**TASK BRIEF:**
Output each entry verbatim. Leave the images out.

**INPUT:**
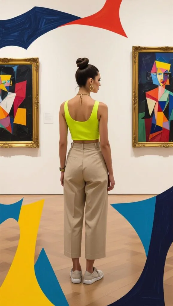 A bright neon top paired with beige trousers is a bold yet balanced choice. Slip into minimalist sneakers for comfort that keeps the focus on the pop of color. Keep accessories simple—a sleek watch or stud earrings—to let the neon shine. This outfit is perfect for a trendy brunch or art gallery visit, offering a fresh take on weekend style. It’s vibrant, comfy, and guaranteed to light up your feed.
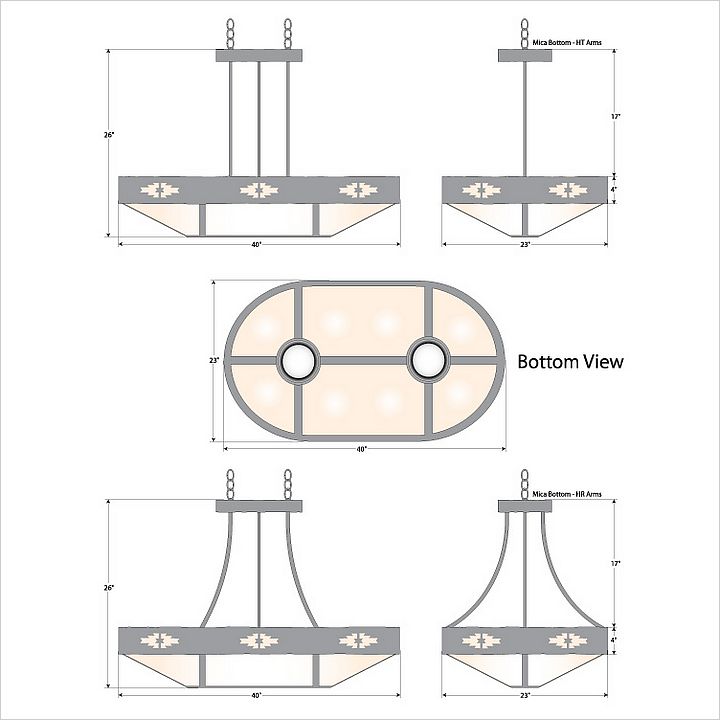 The Ridgemont Chandelier Oval - Pueblo fixture is oval shaped 24 by 42 inches and features Southwest-inspired hand-cut patterns around the band of the chandelier. This item is ideal for anyone looking for a rustic chandelier to add Southwestern character to their log home, cabin or northwood lodge-themed room. It comes with a choice of diffuser material: Almond Mica, Amber Mica, or Ivory Paper. There are also two downlights for direct lighting to a table. A matching ceiling canopy, along with 6 feet of chain (for a 3 foot drop) and 10 extra feet of wire are also included.
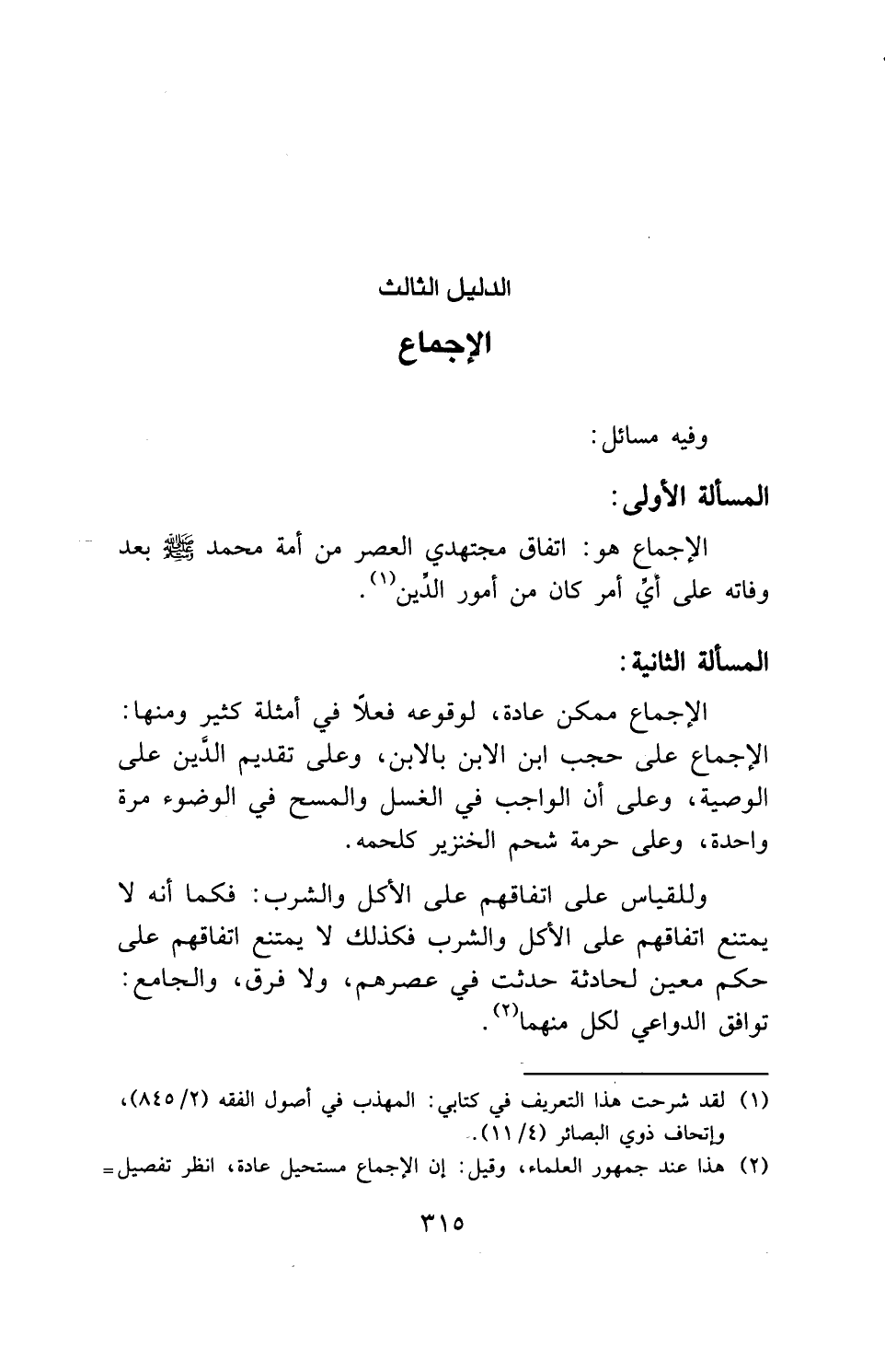 الإجماع ممكن عادة، لوقوعه فعلاً في أمثلة كثير ومنها: الإجماع على حجب ابن الابن بالابن، وعلى تقديم الدَّين على الوصية، وعلى أن الواجب في الغسل والمسح في الوضوء مرة واحدة، وعلى حرمة شحم الخنزير كلحمه.
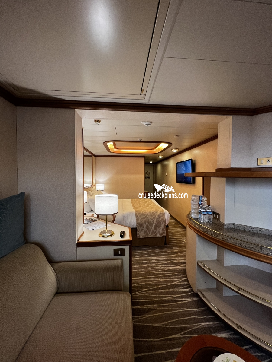 Ruby Princess Mini-Suite cabin number D733 ACTUAL videos and/or pictures, floor plans, diagrams and detailed features including a deck image of the actual location on the Ruby Princess ship for cabin D733. Cruisedeckplans.com has 75,101 different (staterooms) cabins that have actual cabin pictures and/or cabin videos taken by real cruisers. That is plenty of coverage to provide you with a good sampling of all the different cabins on cruise ships. Take a minute and notice the breadcrumb menu above. This is a quick easy way to navigate our website. You can also use the menu above for menu items specific to the Ruby Princess cruise ship.
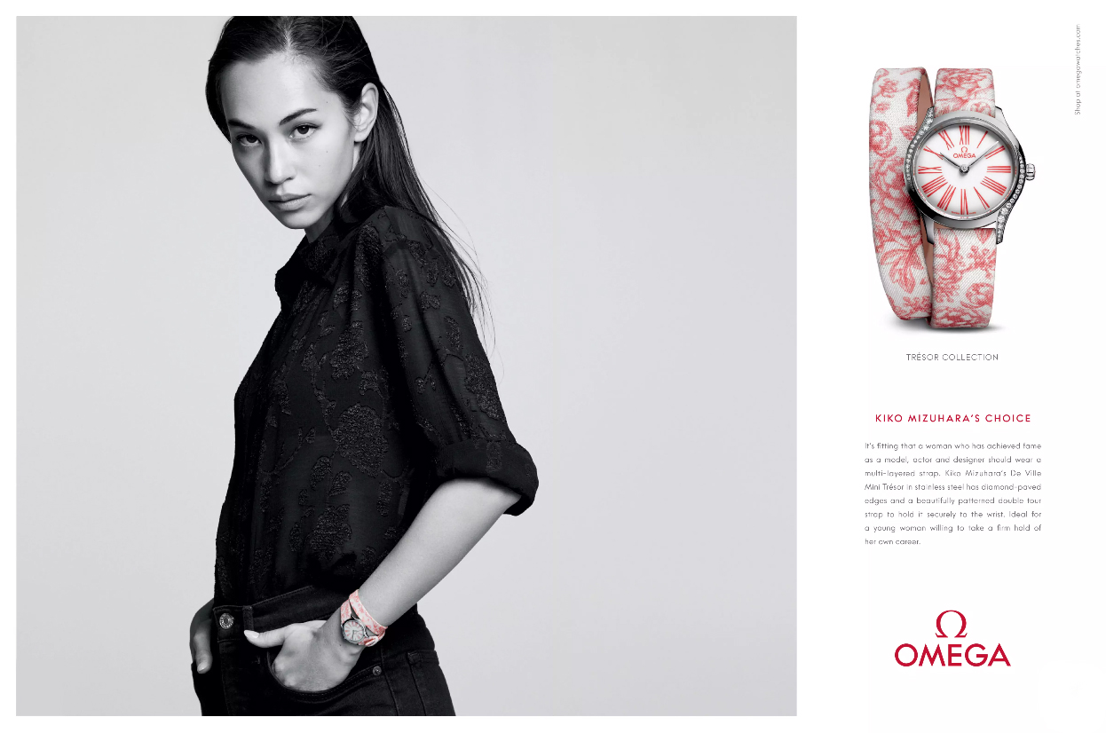 An eye-catching double page spread for Omega in Elle. Great black and white image with a pop of colour on Kiko Mizuhara’s wrist.
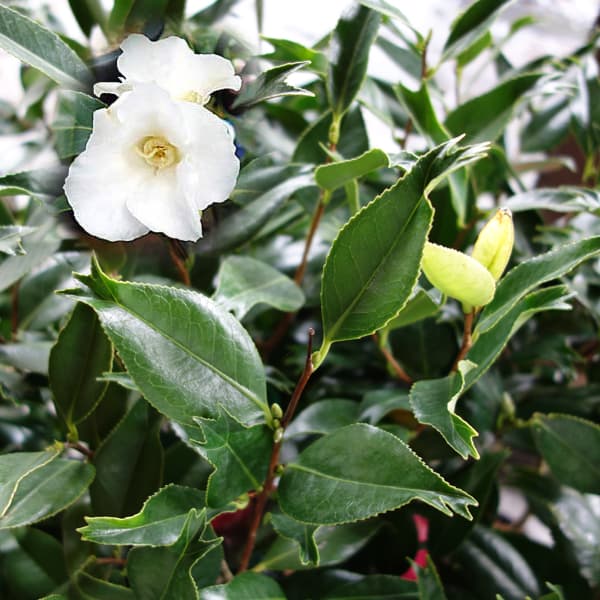 11月〜3月開花 中輪 白の唐子咲き花木 庭木の苗/ツバキ(椿):白腰蓑(しろこしみの)4.5号ポット白腰蓑は白色一重の唐子咲きツバキです。白卜伴と花形は似ていますが、白卜伴は小輪、白腰蓑は中輪タイプです。鉢植えにおすすめです。タイプ:ツバキ科ツバキ属の耐寒性常緑小高木樹高:2〜3m開花期:11〜3月植え付け適期:9〜10月、2〜4月栽培適地:東北地方以南日照:日向または半日陰(開花するようになると日向のほうが適しています)栽培方法日当たり、水はけの良い場所を好みます。酸性土を好むので、植え付けの際に植え穴にピートモス、腐葉土またはブルーベリー栽培用土などを混ぜ込んでください。2〜3月に寒肥として、油粕や骨粉を根元に施します。剪定は花後すぐに行います。葉芽の先に花がつくので、葉芽を残すように間引き剪定をします。夏に花芽が分化するので、夏以降は枝を切らないようにしてください。ツバキには4月と7月頃にチャドクガが発生しやすいので、殺虫剤で駆除してください。4.5号(直径13.5cm)ポット入りです。樹高は多少変動します。写真は開花時のイメージです。お届け時期により開花後となる場合があります。
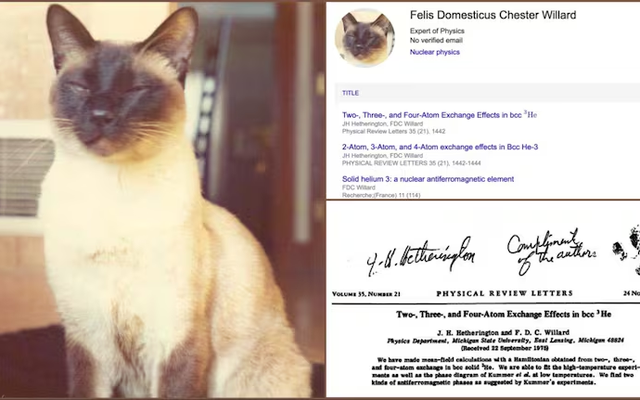 Câu chuyện bắt đầu khi một chú mèo mang tên F.D.C. Willard bất ngờ được ghi nhận là đồng tác giả của một tập luận án vật lý học có tiêu đề “Two-, Three-, and Four-Atom Exchange Effects in bcc³He”, đăng trên tạp chí Physical Review Letters. Nghiên cứu này tập trung vào kết quả thí nghiệm nhằm tìm hiểu tập tính của đồng vị helium-3 trong các điều kiện nhiệt độ khác nhau và có giá trị tham chiếu kéo dài đến tận ngày nay.

**ANSWER TO THE PROBLEM:**
 A bright neon top paired with beige trousers is a bold yet balanced choice. Slip into minimalist sneakers for comfort that keeps the focus on the pop of color. Keep accessories simple—a sleek watch or stud earrings—to let the neon shine. This outfit is perfect for a trendy brunch or art gallery visit, offering a fresh take on weekend style. It’s vibrant, comfy, and guaranteed to light up your feed.
 The Ridgemont Chandelier Oval - Pueblo fixture is oval shaped 24 by 42 inches and features Southwest-inspired hand-cut patterns around the band of the chandelier. This item is ideal for anyone looking for a rustic chandelier to add Southwestern character to their log home, cabin or northwood lodge-themed room. It comes with a choice of diffuser material: Almond Mica, Amber Mica, or Ivory Paper. There are also two downlights for direct lighting to a table. A matching ceiling canopy, along with 6 feet of chain (for a 3 foot drop) and 10 extra feet of wire are also included.
 الإجماع ممكن عادة، لوقوعه فعلاً في أمثلة كثير ومنها: الإجماع على حجب ابن الابن بالابن، وعلى تقديم الدَّين على الوصية، وعلى أن الواجب في الغسل والمسح في الوضوء مرة واحدة، وعلى حرمة شحم الخنزير كلحمه.
 Ruby Princess Mini-Suite cabin number D733 ACTUAL videos and/or pictures, floor plans, diagrams and detailed features including a deck image of the actual location on the Ruby Princess ship for cabin D733. Cruisedeckplans.com has 75,101 different (staterooms) cabins that have actual cabin pictures and/or cabin videos taken by real cruisers. That is plenty of coverage to provide you with a good sampling of all the different cabins on cruise ships. Take a minute and notice the breadcrumb menu above. This is a quick easy way to navigate our website. You can also use the menu above for menu items specific to the Ruby Princess cruise ship.
 An eye-catching double page spread for Omega in Elle. Great black and white image with a pop of colour on Kiko Mizuhara’s wrist.
 11月〜3月開花 中輪 白の唐子咲き花木 庭木の苗/ツバキ(椿):白腰蓑(しろこしみの)4.5号ポット白腰蓑は白色一重の唐子咲きツバキです。白卜伴と花形は似ていますが、白卜伴は小輪、白腰蓑は中輪タイプです。鉢植えにおすすめです。タイプ:ツバキ科ツバキ属の耐寒性常緑小高木樹高:2〜3m開花期:11〜3月植え付け適期:9〜10月、2〜4月栽培適地:東北地方以南日照:日向または半日陰(開花するようになると日向のほうが適しています)栽培方法日当たり、水はけの良い場所を好みます。酸性土を好むので、植え付けの際に植え穴にピートモス、腐葉土またはブルーベリー栽培用土などを混ぜ込んでください。2〜3月に寒肥として、油粕や骨粉を根元に施します。剪定は花後すぐに行います。葉芽の先に花がつくので、葉芽を残すように間引き剪定をします。夏に花芽が分化するので、夏以降は枝を切らないようにしてください。ツバキには4月と7月頃にチャドクガが発生しやすいので、殺虫剤で駆除してください。4.5号(直径13.5cm)ポット入りです。樹高は多少変動します。写真は開花時のイメージです。お届け時期により開花後となる場合があります。
 Câu chuyện bắt đầu khi một chú mèo mang tên F.D.C. Willard bất ngờ được ghi nhận là đồng tác giả của một tập luận án vật lý học có tiêu đề “Two-, Three-, and Four-Atom Exchange Effects in bcc³He”, đăng trên tạp chí Physical Review Letters. Nghiên cứu này tập trung vào kết quả thí nghiệm nhằm tìm hiểu tập tính của đồng vị helium-3 trong các điều kiện nhiệt độ khác nhau và có giá trị tham chiếu kéo dài đến tận ngày nay.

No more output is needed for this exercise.